Grande parte das empresas familiares que abrem fecham, pois não conseguem contar com uma estrutura embasada. “Vejo muitos casos de famílias que misturam tudo: vão para casa e discutem empresa, vão para a empresa e discutem família. Muitas vezes, esses laços geram conflitos, acarretando num péssimo atendimento ao cliente, e resultando na falência do empreendimento”, frisa a consultora.
Por esse motivo, é preciso que as pessoas que compõem um empreendimento em família tenham discernimento em entender que uma empresa sobrevive com gestão profissionalizada, competência na administração e separação de gestão e propriedade. “As famílias tem que conseguir gerir o negócio com foco na produção e realização, separando realmente o empreendimento da família. Essa separação é o maior desafio desse tipo de empresa”, destaca Rosângela.
Uma barraca de comida na Feira Central (*), dois bares, um buffet e um trailer de cocos, todos em Campo Grande. Aparentemente são negócios distintos, mas que nesta reportagem se inserem no mesmo contexto, afinal, funcionam graças à união de famílias empreendedoras.
Diferencial - Elisberto Taíra, 53, vê no trabalho em família um diferencial para seu negócio. Ele e a esposa Célia Tamashiro Taíra, 52, são proprietários de uma barraca de comida na Feira Central de Campo Grande há mais de 20 anos.

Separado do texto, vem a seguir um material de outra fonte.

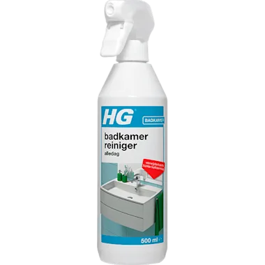 HG badkamerreiniger alledag is de ideale alledag reiniger voor wasbakken, kunststof douchecabines en tegelwanden. Het verwijdert snel lichte kalkaanslag, huidvetten en zeepresten. HG badkamerreiniger alledag kan probleemloos op alle materialen gebruikt worden, dus ook op marmer, travertin, granito en email.

O comerciante conta que trabalhou durante muito tempo numa empresa de autopeças, enquanto a mulher era funcionária em uma loja de xerox. Com o sonho de ter negócio próprio, o casal deu o primeiro passo com a ajuda de Nilo, irmão de Célia, que antes de ir embora para o Japão precisava de alguém que tomasse conta de sua barraca, localizada na antiga feira da Capital.
“Eu e a minha mulher fomos cuidando da barraca, enquanto ele ficou no Japão. Vimos que o negócio dava certo e juntamos dinheiro para comprar nosso próprio ponto. Quando o Nilo voltou, reassumiu a barraca, ao mesmo tempo em que nós passamos a ter nosso negócio”, explica Taíra.
Quando isso aconteceu, Elisberto e Célia pediram demissão de seus empregos e trabalharam intensamente para fazer o negócio deslanchar. Atualmente, a barraca do casal é uma das mais frequentadas na Feira Central.
Em média, cerca de 600 pessoas passam pelo local em dias de funcionamento, com fluxo maior principalmente nas quartas e sábados. A paixão de Taíra e da esposa Célia pelo negócio se estendeu ao casal de filhos, que costuma ajudar os pais na barraca.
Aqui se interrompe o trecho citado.